We are seeking a strategic, hands-on, and problem-solving individual with prior industry knowledge to lead clinical programs for our client. that will support the company's global regulatory strategy and post approval medical evidence requirements. The Senior Director of Clinical Affairs will play a key role in the future success of the company and will be a highly visible individual, both inside and outside of the organization in developing physician networks and communicating to regulators. This individual will be critical to furthering the company's mission and deep commitment to developing and commercializing innovative hemoadsorptive therapies that address critical care needs.
location: Monmouth Junction, New Jersey
job type: Permanent
salary: $230,000 - 250,000 per year
work hours: 9 to 5
- Responsible for the design and reporting of clinical trials that meet the standards of excellence for ethics, scientific merit, and regulatory compliance, as well as satisfy corporate goals for the development of products from Phase 1 to approval.

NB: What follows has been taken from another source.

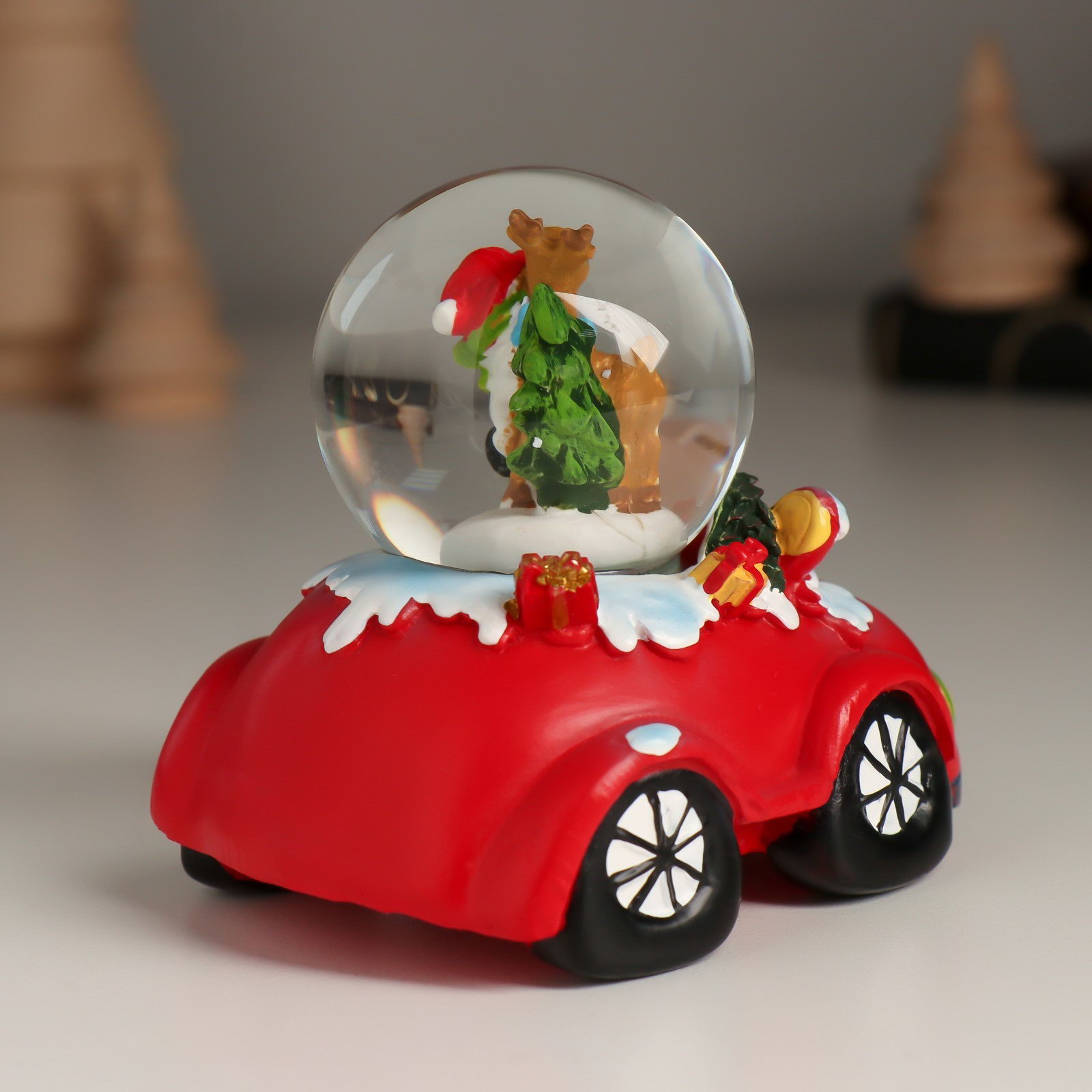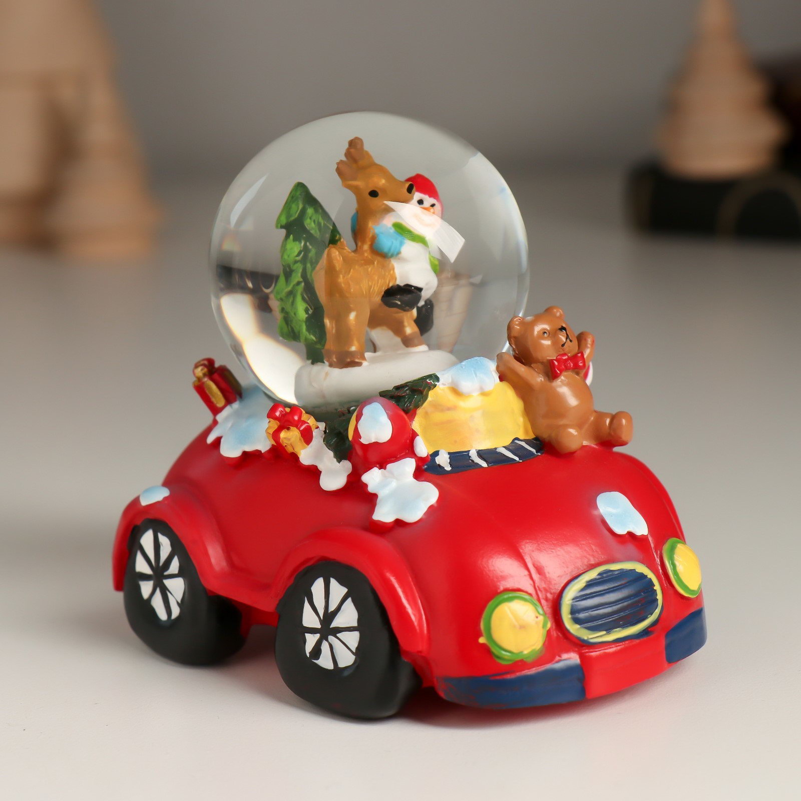Снежный шар новогодний стеклянный "Автомобиль", 8.3x6.6x7.8 см, МИКС, 6.6x8.3x7.8 см., Китай

- Actively participate in a teamwork environment across all functional disciplines. Work collaboratively with Project Management and the Project Team (including Quality, Regulatory, R&D, CMC, Epidemiology, Biostatistics, Finance and Business Development).
- To design, and provide clinical oversight of company-sponsored clinical trials in the U.S. and abroad:
- Development of trial protocol and other related documents.
- Support interactions with regulatory agencies (e.g. FDA), advisory boards, DSMB.
- Support safety reviews of protocol benefit to risk assessment, protocol adverse event reporting, responses to regulatory questions and ethics committees and oversight.
- Collaboration with external and internal functional stakeholders for the design, conduct, analysis and communication of clinical studies including (but not limited to): clinical operations, biostatistics, preclinical biology, epidemiology, Access and Reimbursement, etc.
- In conjunction with Clinical Operations is responsible for monitoring of clinical trial quality and conduct.
- Under the direction of the CMO to author clinical trial reports and scientific journal articles.
- An M.D. or M.D./Ph.D. or equivalent degree and a minimum of 3-5 years of experience in biopharmaceutical or device development roles.
- Experience in the therapeutic areas cardiopulmonary disease or acute care highly desired with description of contribution in specific areas of development (e.g., early and late clinical, translational, product launch, and post-marketing)
- Understanding of either drug development or experience with device development strongly preferred
- Demonstrated track record of successfully supporting, developing and executing clinical development plans
- Prior regulatory experience with IDE or NDA submissions, preparation of regulatory documents and presentation to FDA or other regulatory authorities desired but not required
- Proven ability to strategize prioritize and manage multiple projects simultaneously to ensure quality, timely, on-target accomplishment of tasks
- Ability to embed medical functional skills and strategic thinking in to teams
- Ability to discriminate between critical and non-critical activities and to develop or improve processes
- An ability to collaborate and communicate effectively internally and externally and to collaborate effectively with internal and external partners including the ability to work in matrixed environments including both company staff and consultants.
skills: NDA, Clinical research
Equal Opportunity Employer: Race, Color, Religion, Sex, Sexual Orientation, Gender Identity, National Origin, Age, Genetic Information, Disability, Protected Veteran Status, or any other legally protected group status.